*** DATASET ENTRIES ***
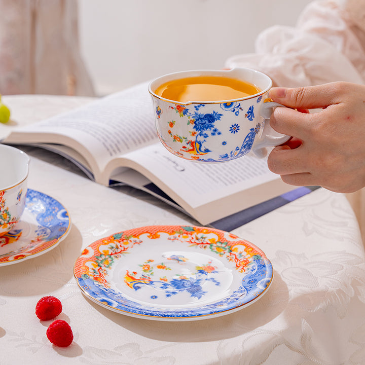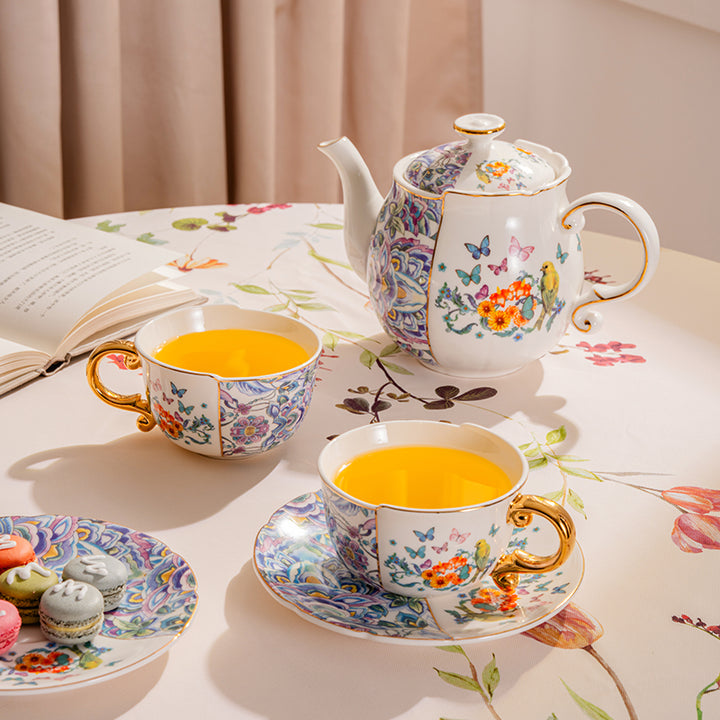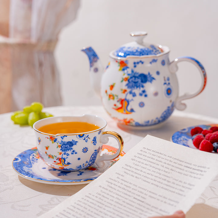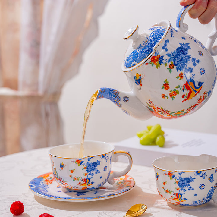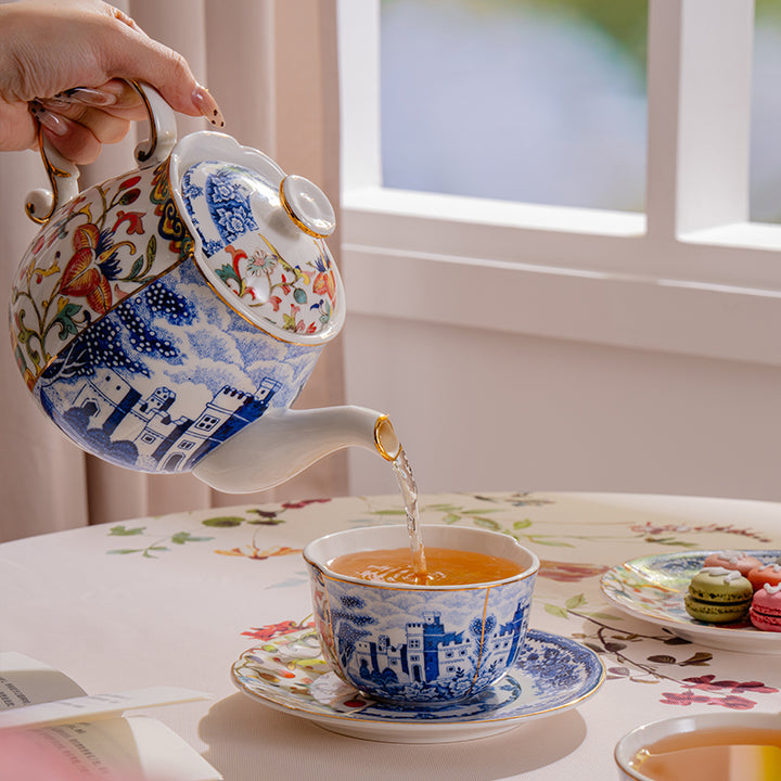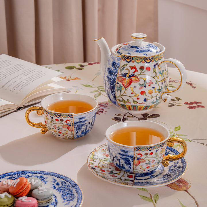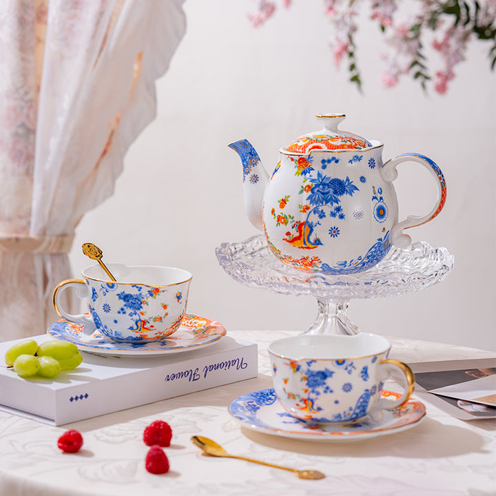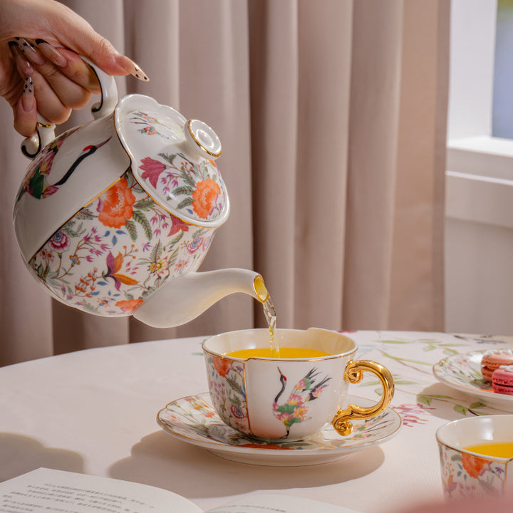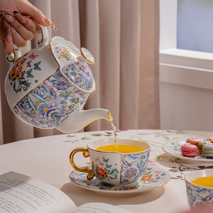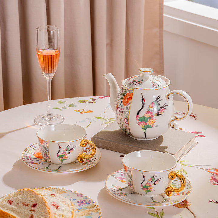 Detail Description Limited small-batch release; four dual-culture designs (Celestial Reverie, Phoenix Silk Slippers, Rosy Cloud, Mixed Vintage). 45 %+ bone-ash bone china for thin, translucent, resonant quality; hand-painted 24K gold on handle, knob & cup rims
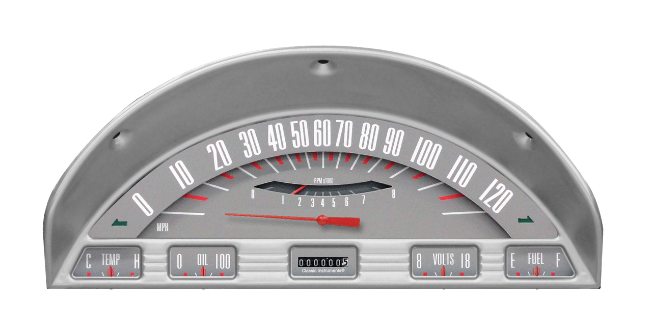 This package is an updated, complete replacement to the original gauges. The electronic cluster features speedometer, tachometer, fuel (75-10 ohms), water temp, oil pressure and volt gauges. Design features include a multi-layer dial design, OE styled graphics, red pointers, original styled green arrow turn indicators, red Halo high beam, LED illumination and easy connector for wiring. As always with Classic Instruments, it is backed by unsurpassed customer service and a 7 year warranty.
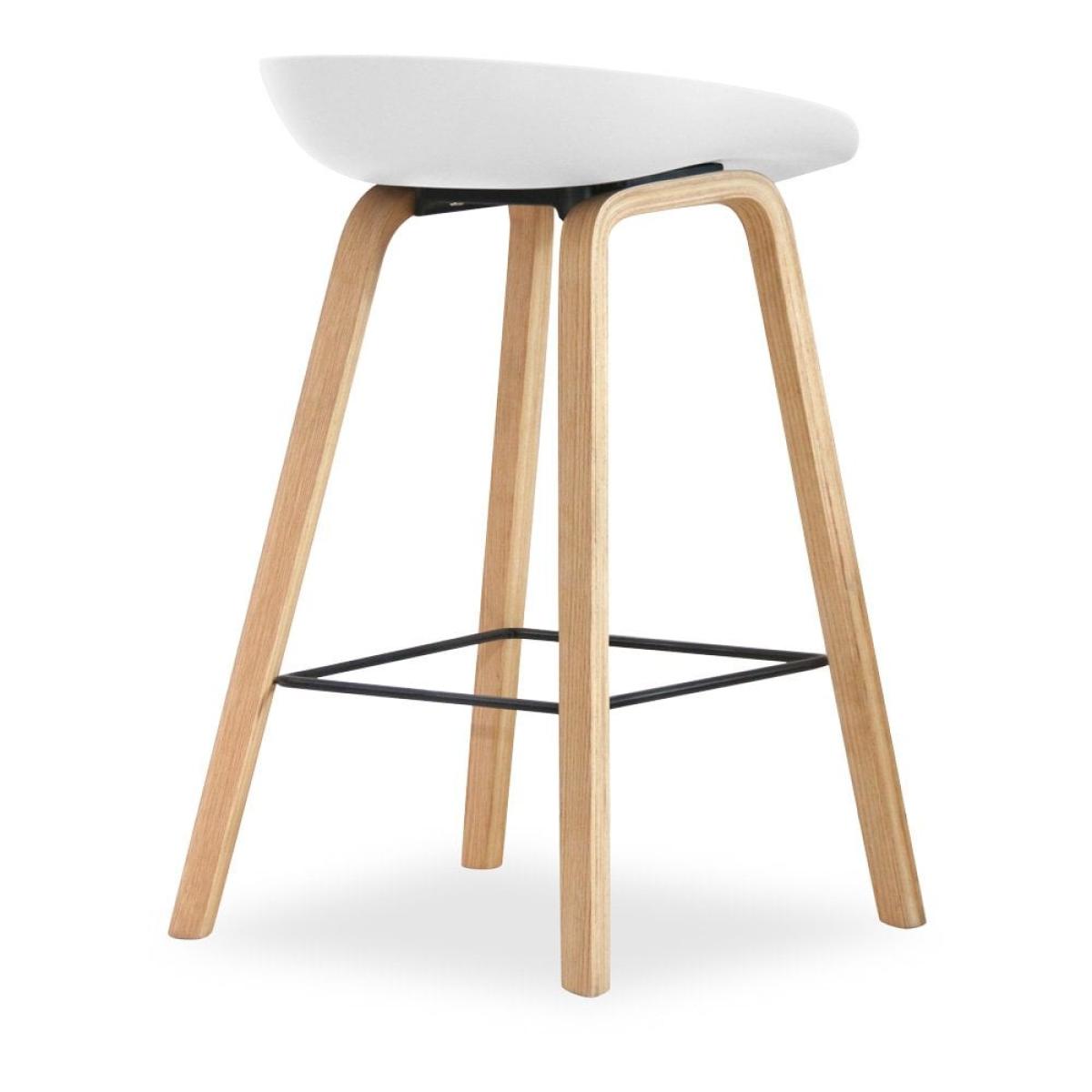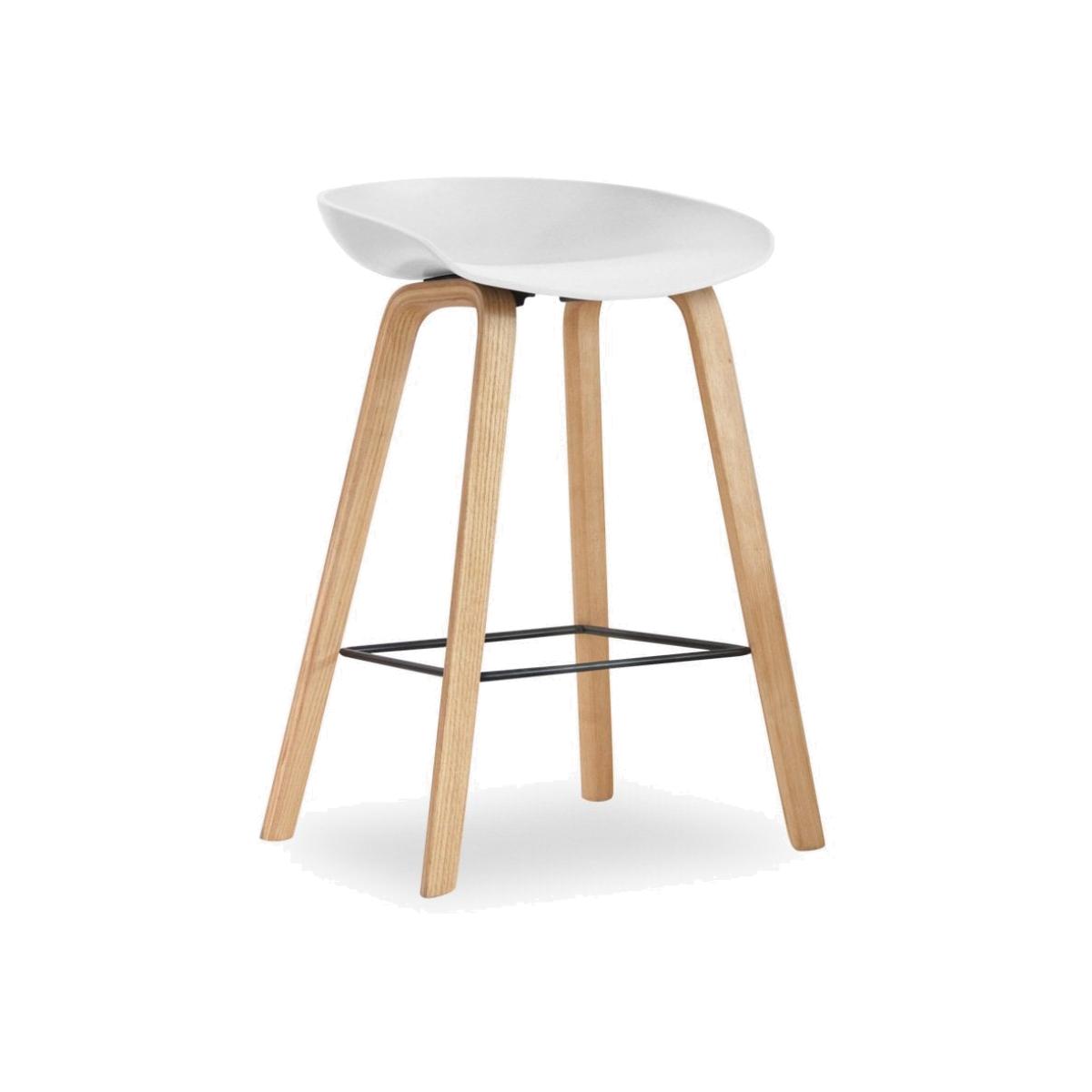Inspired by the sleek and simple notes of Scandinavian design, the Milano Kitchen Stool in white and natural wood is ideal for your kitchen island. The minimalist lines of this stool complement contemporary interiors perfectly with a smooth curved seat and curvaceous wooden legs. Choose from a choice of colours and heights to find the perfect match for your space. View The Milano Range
*** End of DATASET ENTRIES ***
*** DATASET ENTRIES ***
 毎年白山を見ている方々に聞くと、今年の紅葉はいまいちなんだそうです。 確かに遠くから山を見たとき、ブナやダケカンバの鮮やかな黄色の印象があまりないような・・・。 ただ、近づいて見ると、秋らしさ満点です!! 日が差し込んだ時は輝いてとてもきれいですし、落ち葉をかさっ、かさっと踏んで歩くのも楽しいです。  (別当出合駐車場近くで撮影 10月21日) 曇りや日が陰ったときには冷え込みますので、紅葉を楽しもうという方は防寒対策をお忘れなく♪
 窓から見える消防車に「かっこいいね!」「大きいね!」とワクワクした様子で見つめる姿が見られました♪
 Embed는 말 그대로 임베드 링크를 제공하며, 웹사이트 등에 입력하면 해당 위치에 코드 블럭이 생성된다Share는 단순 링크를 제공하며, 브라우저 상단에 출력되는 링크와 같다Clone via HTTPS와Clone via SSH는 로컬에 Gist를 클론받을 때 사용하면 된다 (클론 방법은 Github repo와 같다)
*** End of DATASET ENTRIES ***
### REQUIRED WORK
Set down again, word for word, every line from the one with "Detail Description Limited" to the one with "Inspired by the" in the entries above, and omit the pictures.

### WRITTEN RESPONSE
 Detail Description Limited small-batch release; four dual-culture designs (Celestial Reverie, Phoenix Silk Slippers, Rosy Cloud, Mixed Vintage). 45 %+ bone-ash bone china for thin, translucent, resonant quality; hand-painted 24K gold on handle, knob & cup rims
 This package is an updated, complete replacement to the original gauges. The electronic cluster features speedometer, tachometer, fuel (75-10 ohms), water temp, oil pressure and volt gauges. Design features include a multi-layer dial design, OE styled graphics, red pointers, original styled green arrow turn indicators, red Halo high beam, LED illumination and easy connector for wiring. As always with Classic Instruments, it is backed by unsurpassed customer service and a 7 year warranty.
Inspired by the sleek and simple notes of Scandinavian design, the Milano Kitchen Stool in white and natural wood is ideal for your kitchen island. The minimalist lines of this stool complement contemporary interiors perfectly with a smooth curved seat and curvaceous wooden legs. Choose from a choice of colours and heights to find the perfect match for your space. View The Milano Range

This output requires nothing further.